The amount of the charging performance enhancing particles between the charge roller 2 and photosensitive drum 1 was adjusted by adjusting how the charging performance enhancing agent was supplied to the charge roller 2 by a charging performance enhancing agent supplying device 22. More specifically, granule shape, charging performance enhancing particle density in a granule, amount of granulated charging performance enhancing agent, and the like were adjusted.

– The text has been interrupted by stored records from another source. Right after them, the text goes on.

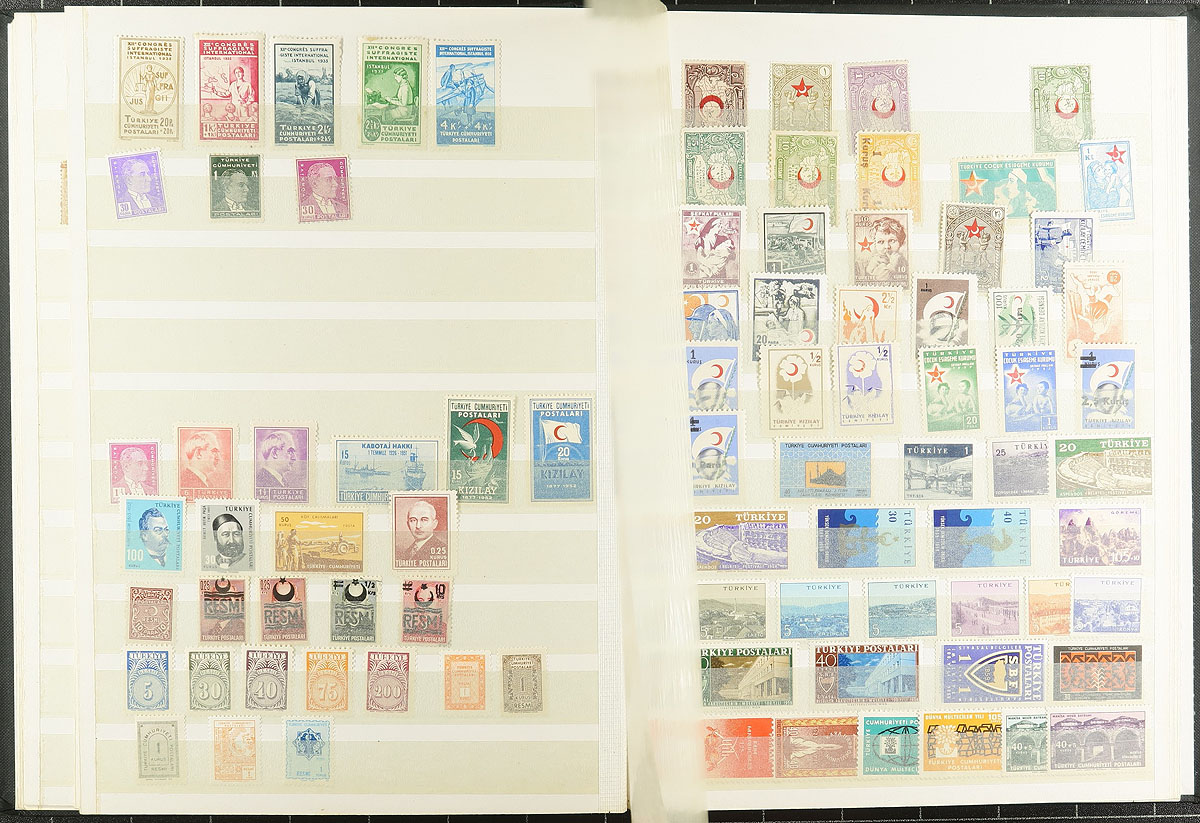 A mish-mash of philatelic fun "balance of consignment" group which includes a Scott brand British Oceania album (partially filled, hit or miss in sections), Algerian on manila stockpages in binder, Saar issues in 32-page Unisafe stockbook, Turkey in 22-page "Alligator" stockbook and 3x dealer "counter book" (3-ring binders) with a heavily duplicated stock. Estimate =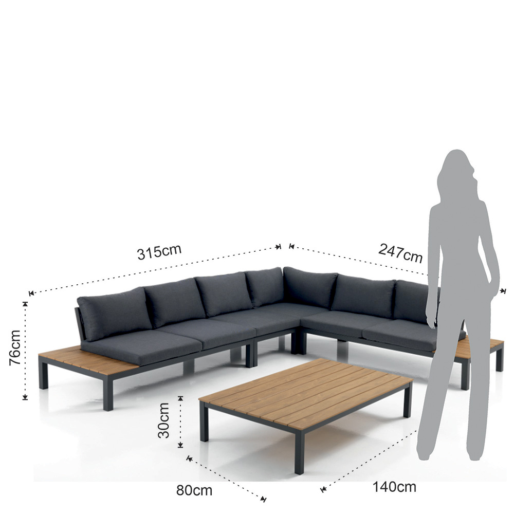| Foranstaltninger | sofa: 315x247x76 cm / sofabord: 80x140x30 cm |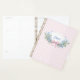 Este planejador tem um padrão de gingham branco e rosa pré-desidratado Chinoiserie e um design de etiqueta onde você pode personalizar com seu nome. O flape traseiro tem um arco rosa de gingham com o ano.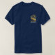 Behind the tee is the gold logo with the business name in gold beside it. Below the logo are your contact details.
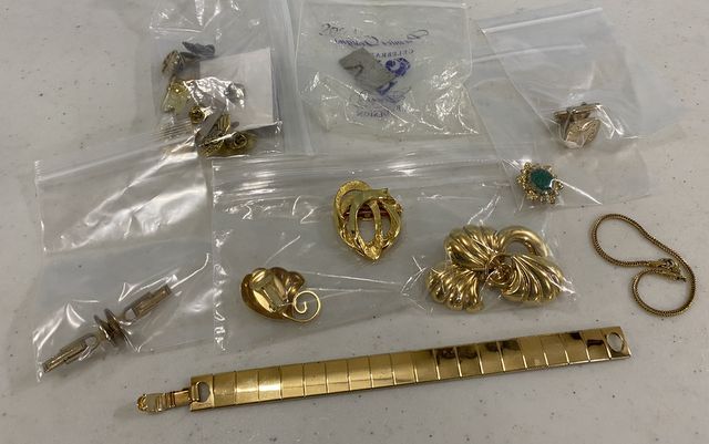 Costume jewelry pieces, gold color bracelet, clip on earrings, bracelet, cuff links, pins. Costume jewelry pieces, gold color bracelet, clip on earrings, bracelet, cuff links, pins.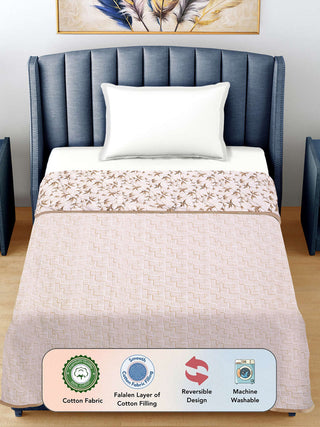 FABINALIV Peach Floral Reversible AC Room 300 GSM 100% Cotton Single Bed Dohar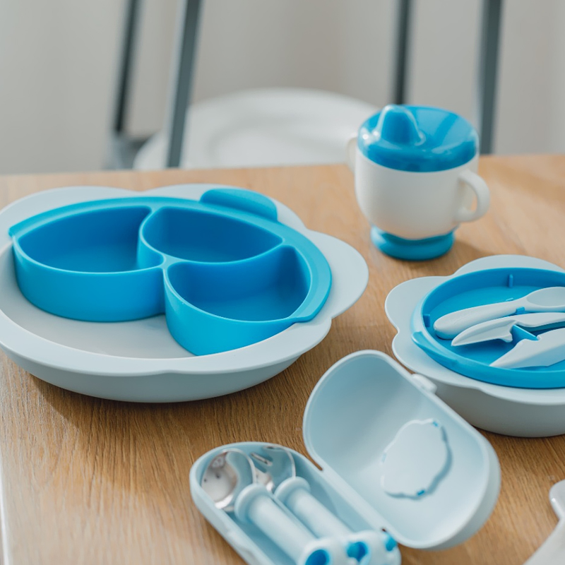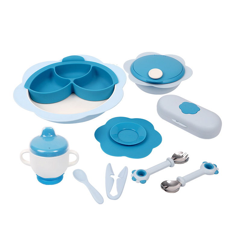 Blue Set Pink Set Pink Set Blue Forkspoon Set Powder Accessed Taiwan Cup Blue Supported Cup Powder Outside Food Bowl with Auxiliary Bowl Powder Outside Food Disk Blue Auxiliary Dining Disk Powder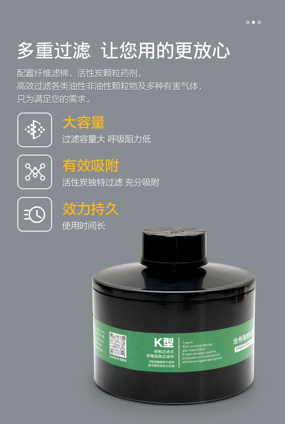 三級(jí)過濾件濾毒罐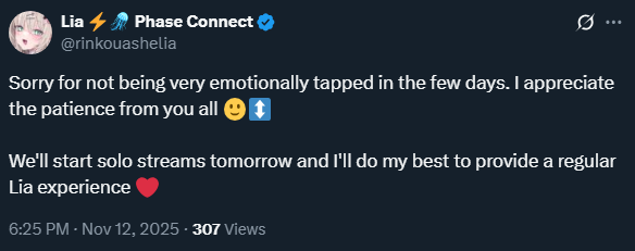 Schedule: https://x.com/rinkouashelia/status/1988097367661572509
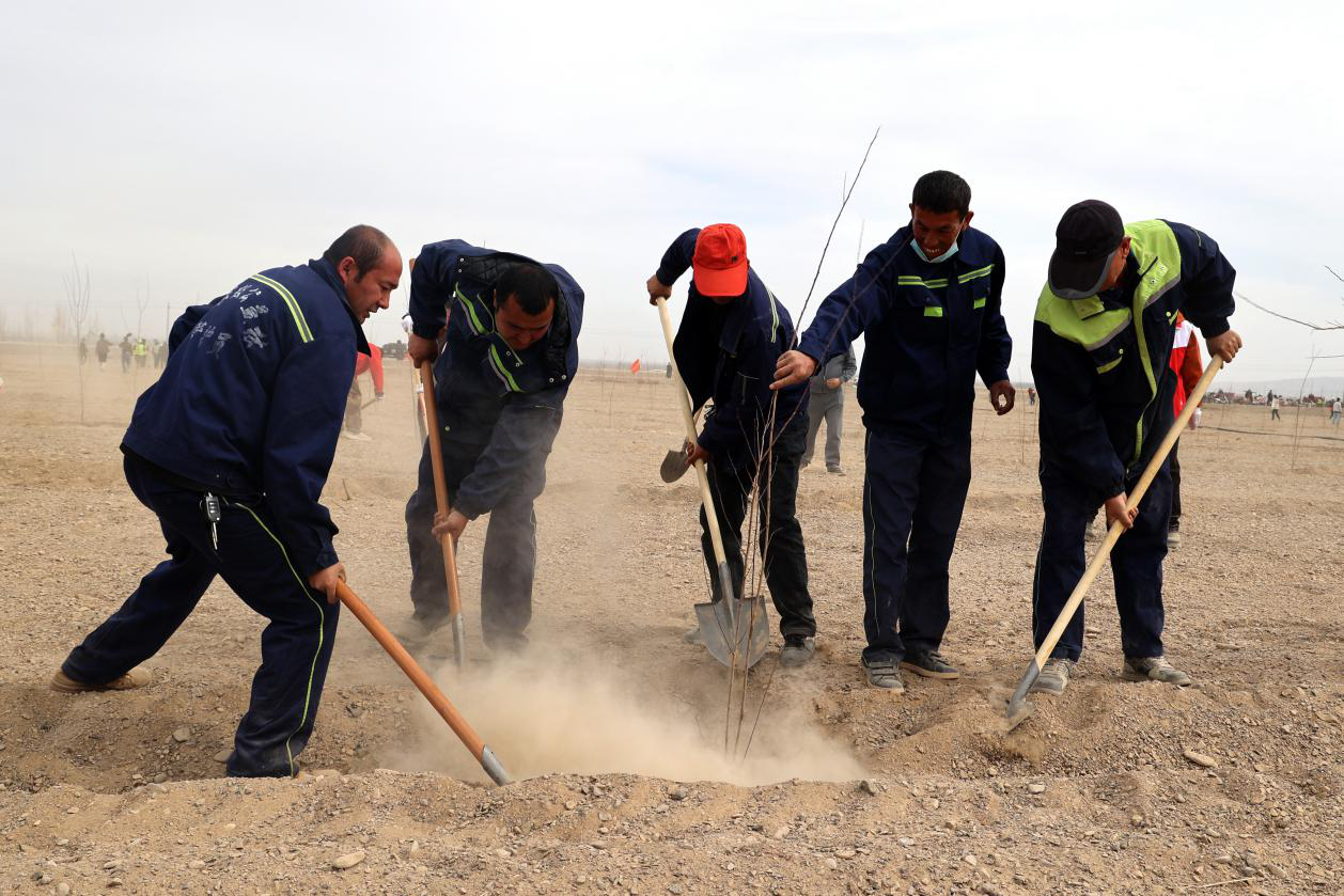 乌什县前进镇护边员麦吾兰·麦合木提在植树现场说:“植树造林,保护环境,建设美丽边疆是我们义不容辞的责任。作为新时代护边员,我将更加积极地参与生态建设,让家乡更美丽。”

(4) Charging by Direct injection

As the charging performance enhancing particles m are coated on the charge roller 2 by the charging performance enhancing particle supplying means 3A, the particles m are conveyed to the charging nip by the rotation of the charge roller 2. Thus, the photosensitive drum 1 is directly charged with the presence of the charging performance enhancing particles m in the nip n between the photosensitive drum 1 and charge roller 2. With the presence of the charging performance enhancing particles m in the nip n, that is, the contact surface between the photosensitive drum 1 and charge roller 2, even a charge roller which is difficult to keep rotating in contact with the photosensitive drum 1 while maintaining a predetermined difference in peripheral velocity between the peripheral surfaces of the charge roller 2 and photosensitive drum 1, because of the friction between the peripheral surfaces of the charge roller 2 and photosensitive drum 1, can be easily kept rotating in contact with the peripheral surface of the photosensitive drum 1 while maintaining the predetermined difference in peripheral velocity between the charge roller 2 and photosensitive drum 1. In addition, a much larger number of electrical connections are established between the peripheral surfaces of the charge roller 2 and photosensitive drum 1 because of the presence of the particles m between the two surfaces.

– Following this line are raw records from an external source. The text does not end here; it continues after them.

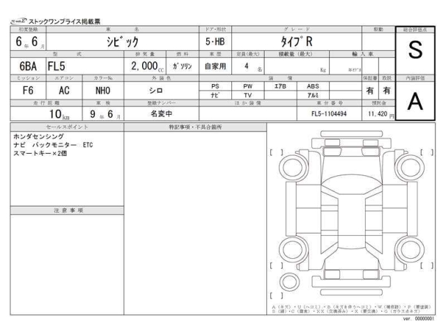 | Auction | TAA / CAA Kyoyuzaiko | Chassis No. | FL5-1104494 | ||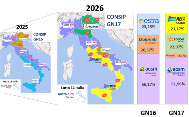 Tutti i Lotti persi da Estra Energia sono stati aggiudicati da Hera Comm, che ritorna protagonista dopo la sorprendente esclusione della passata edizione, aggiudicandosi il Lotto 7 Lazio, il Lotto 9 Campania e il Lotto 11 Calabria e Sicilia. Tutti territori che Hera Comm conosce molto bene, essendo l’attuale fornitore del Servizio di Salvaguardia per le forniture di energia elettrica.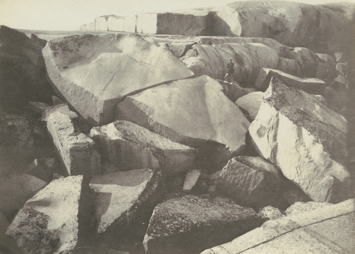 Diverse bilder från Fred Goldbergs samling. Motiv av man som står bland stora klippblock.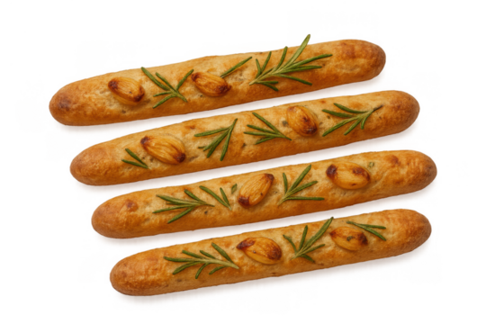 Four golden brown breadsticks baked with roasted garlic cloves and fresh rosemary sprigs, perfect for food themes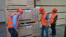 Beskrivning: Matthias Markwort med det norrbottniska grantimret, Timmerleverans till Tyskland, grantimmer, leverans, I mitten av mars gick för första gången någonsin en båt från Haraholmen i Piteå lastad med grantimmer för leverans till Wismar i Norra Tyskland

Further, difference in peripheral velocity can be established between the charge roller 2 and photosensitive drum 1. Therefore, it is possible to drastically increase the number of the charging performance enhancing particles m which contact the photosensitive drum 1 in the nip n between the charge roller 2 and photosensitive drum 1, and the number of opportunities with which each charging performance enhancing particle contacts the photosensitive drum 1 in the nip n between the charge roller 2 and photosensitive drum 1, so that the number of electrical contacts between the charge roller 2 and photosensitive drum 1 drastically increases. In addition, the charging performance enhancing particles m which are present between the peripheral surfaces of the charge roller 2 and photosensitive drum 1 rub the peripheral surface of the photosensitive drum 1, leaving virtually no gap between the two surfaces. Therefore, electrical charge can be directly injected into the photosensitive drum 1. In other words, when a proper amount of the charging performance enhancing particles are present between peripheral surfaces of the charge roller 2 and photosensitive drum 1, it is the direct charge injection that is dominant in the process in which the photosensitive drum 1 is charged though the contact between the photosensitive drum 1 and the charge roller 2. This embodiment made it possible for the charge roller to perform as efficiently as a line C in Figure 11 depicts.

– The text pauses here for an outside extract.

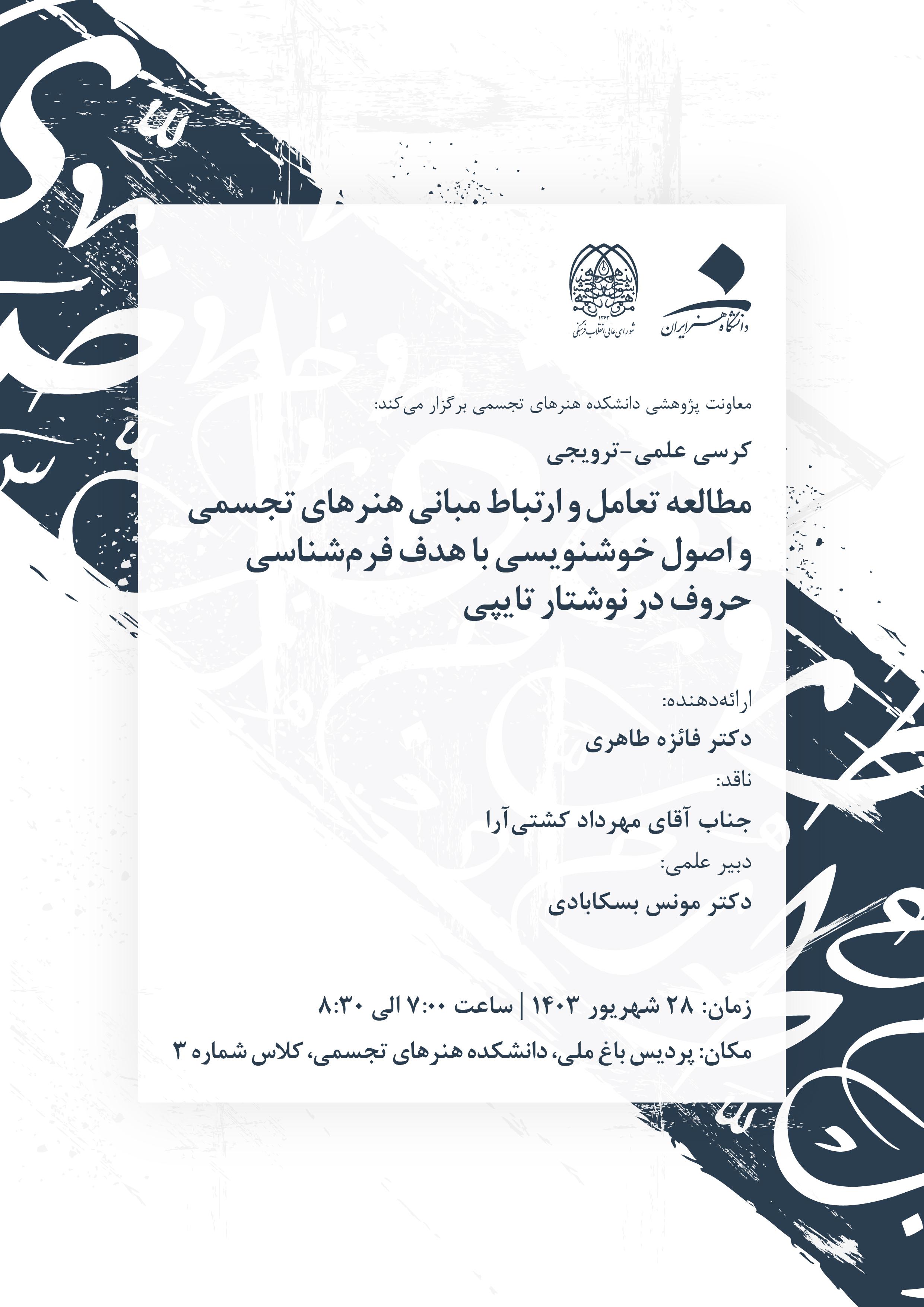 دانشکده هنرهای تجسمی برگزار می کند: کرسی علمی ترویجی با موضوع:مطالعه تعامل و ارتباط مبانی هنرهای تجسمی و اصول خوشنویسی با هدف فرم شناسی حروف در نوشتار تایپی ۲۷ شهریور ۱۴۰۳ | ۱۴:۰۵ کد : ۶۳۹۶ اخبار ارسال به دیگران نام شما ایمیل شما ایمیل دریافتکننده ارسال انصراف تعداد بازدید:۳۳۱

The image recording apparatus (printer) in this embodiment is provided with a cleaner for removing the toner particles which remain on the peripheral surface of the photosensitive drum 1 after the image transfer from the photosensitive drum 1. However, in reality, it is very difficult to completely remove the residual toner from the peripheral surface of the photosensitive drum 1, in particular, when an elastic blade such as the elastic blade 8a employed in this embodiment is used to clean the peripheral surface of the photosensitive drum 1. More specifically, the blade 8a is placed in contact with the photosensitive drum 1 in such a manner that the blade edge is prevented from being pulled under the blade itself as the photosensitive drum 1 rotates. This setup allows particles with an extremely small diameter to be carried past the blade 8a. In other words, even if an image forming apparatus is equipped with the cleaner 8, toner (electrically insulative substance), negative factor in a charging process, is carried to the charging nip n, though only by an extremely minute amount, past the cleaner 8, and enters between the peripheral surfaces of the charge roller 2 and photosensitive drum 1, occasionally contaminating the charge roller 2.
Even in such a situation as described above, the presence of the charging performance enhancing particles m in the nip n between the photosensitive drum 1 and charge roller 2 prevents the contamination of the charge roller 2, and also compensates for the adverse effects of the toner in terms of the electrical connection between the photosensitive drum 1 and charge roller 2 caused by the toner. In other words, the presence of the charging performance enhancing particles m in the nip n assures that good electrical connection is maintained between the peripheral surfaces of the charge roller 2 and photosensitive drum 1, in spite of the presence of toner in the charging nip, making it possible to directly inject electrical charge into the photosensitive drum 1 to uniformly charge the peripheral surface of the photosensitive drum 1, with the application of relatively low voltage to the charge roller 2, without generating ozone. Further, the presence of the charging performance enhancing particles m in the nip n prolongs the service lives of the charge roller 2 and photosensitive drum 1.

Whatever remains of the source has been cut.